From a different directory (otherwise, it tries to import the larcv folder in the repo), do:

>>> import larcv

And it ought to reproduce the crash.

henryiii commented 2 years ago

Conda doesn't support building from python, only from Conda-build. You are likely mixing the system compilers and the conda compilers, causing the crash. Try conda install compilers - that might get it to use the conda compilers (make sure you remove any caching, like _skbuild).

wolfv commented 2 years ago

I do see this issue as well on macOS x64 -- but I am pretty sure I am using the conda compilers :)

I tried to add -undefined dynamic_lookup which helped in the past, and I tried to remove the CMAKE_STRIP step, but none of that helped so far. Will investigate further.

It's failing for us for rclpy which is a dependency of ROS, the robot operating system. Same exact error.

wolfv commented 2 years ago

Hm, I managed to replicate the issue with your example larcv code.

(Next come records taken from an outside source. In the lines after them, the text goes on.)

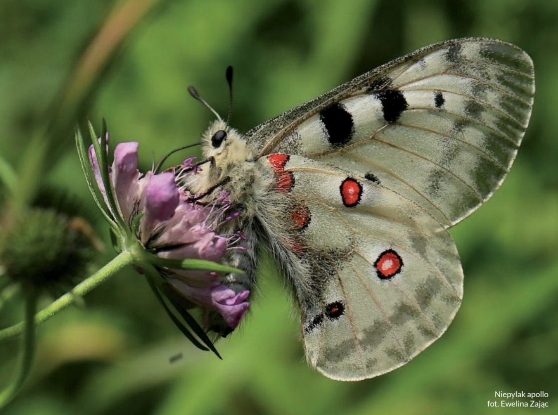
Niepylak apollo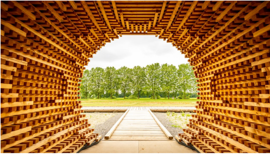
Hoexter-Landesgartenschau Gelände Archeologiepark-Stadt Hoexter-D. Ketz-2023-364.jpg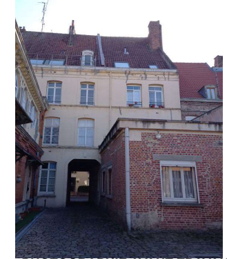
PHOTOGRAPHIE AVANT TRAVAUX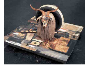
〈그림 4〉 Monogram. Rauschenberg, Robert Rauschenberg, 1955-59 - http://www.artnet.com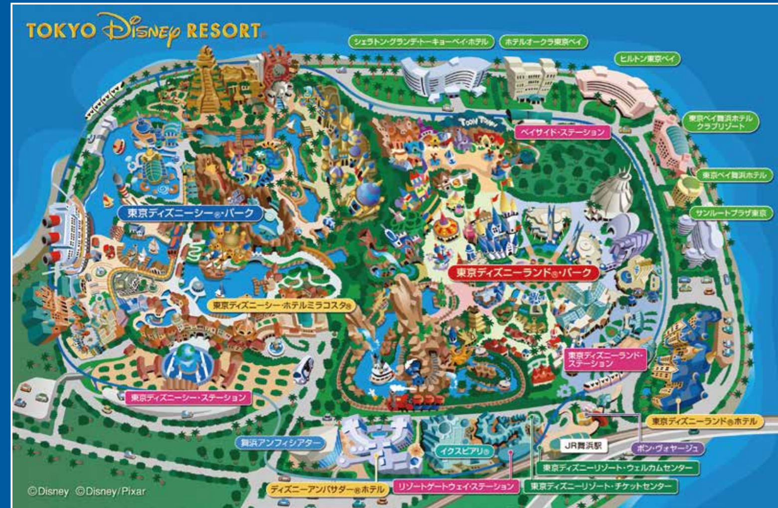
▲東京ディズニーリゾート。マップ 2017年10月11日時点

東京ディズニーリゾート内施設およびパーク内のアトラクションやエンターテイメント、その他の施設が予告なく休止、または運営時間などが変更となる場合があります。つきましては、事前に東京ディズニーリゾート・オフィシャルウェブサイト(www.tokyodisneyresort.jp)をご確認ください。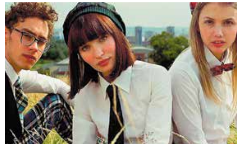
'God Help the Girl', la pel·lícula que inspira 'Com tu vols que soni', properament a l'ETC.

Si ets propietari i tens un habitatge per llogar, t'ofereim: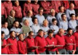
Deutschland singt zur Einheit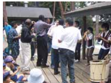
リズム感が違います！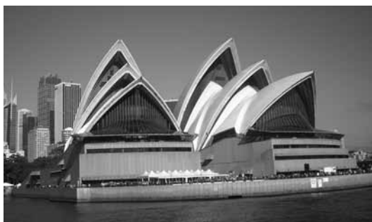
Das weltberühmte Opernhaus von Sydney

Die erste Woche verbrachten wir in der katholischen Diözese Wollongong, einer 70 km von Sydney entfernten Stadt, bei „host families“. Die Australier nahmen uns mit beeindruckender Gastfreundlichkeit auf. Ich bin mir nicht sicher, ob auch wir Menschen, die von weit her kommen, ähnlich freundlich begegnen.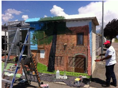
La maison traditionnelle occitane ainsi que le pin prennent forme.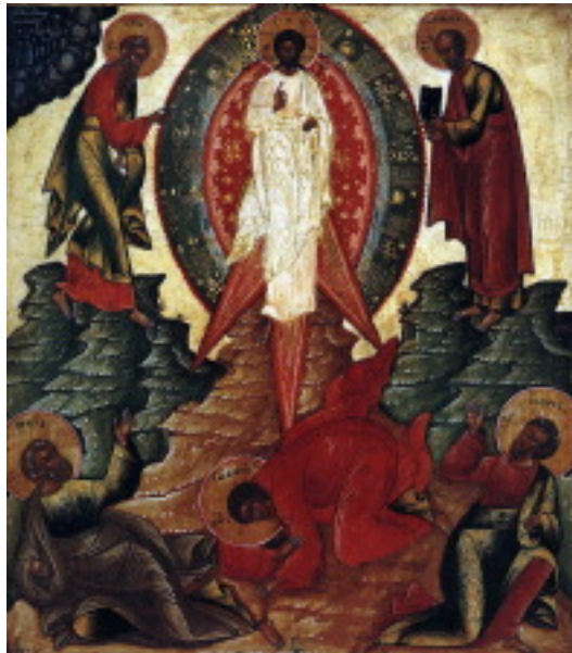
تجلی مسیح، شمایل روسی قرن ۱۵

اولین شمایل "تجلی"، شمایلی روسی می‌باشد که این اثر در ابتدای قرن پانزدهم خلق شده است.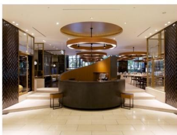
ホテル アゴーラ 大阪守口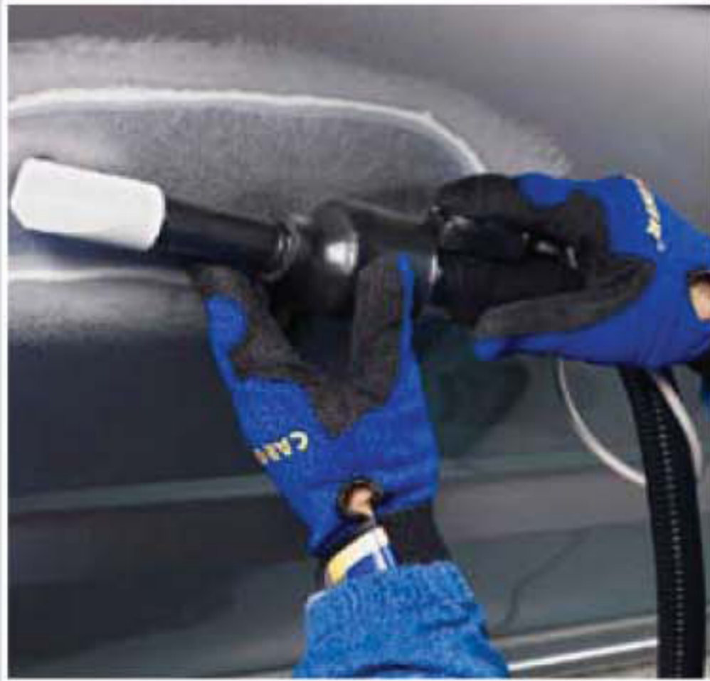
Heat shrinking of steel and aluminum panels during repair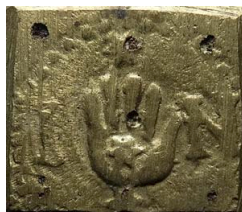
1 Louis - (1723 - 1725) - goud - 6,53 g – Frankrijk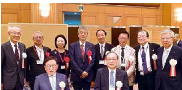
中国四国医師会連合総会懇親会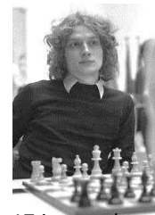
17 jaar oud

Leeftijd telt niet, maar passie wel in de wereld van schaken! Schaken is voor jong en oud!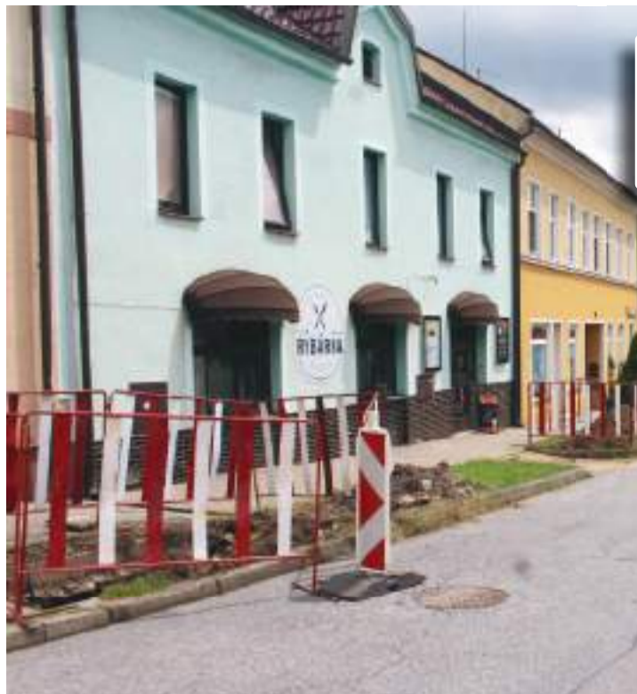
Tato silnice vedoucí přes konické náměstí bude zcela uzavřena, a to až do poloviny prosince.

Parkovat se bude jinde, místní obchodníci se obávají krachu

The problem seems to boil down to not explicitly link Python in the lower level libraries (or anywhere) and to trust "-undefined dynamic_lookup".

I've added

set_target_properties(larcv3 PROPERTIES
                      LINK_FLAGS "-undefined dynamic_lookup")

and removed any instances of linking to ${Python_LIBRARIES} and things then seem to work. I think the pybind11_add_module automatically sets that linker flag already.

coreyjadams commented 2 years ago

@wolfv thanks for this tip! I will test it out tomorrow and get back to you, that'd be awesome to have this resolved.

wolfv commented 2 years ago

In my case, pybind11_add_module(blabla SHARED ...) did not work, however pybind11_add_module(blabla MODULE ...) works.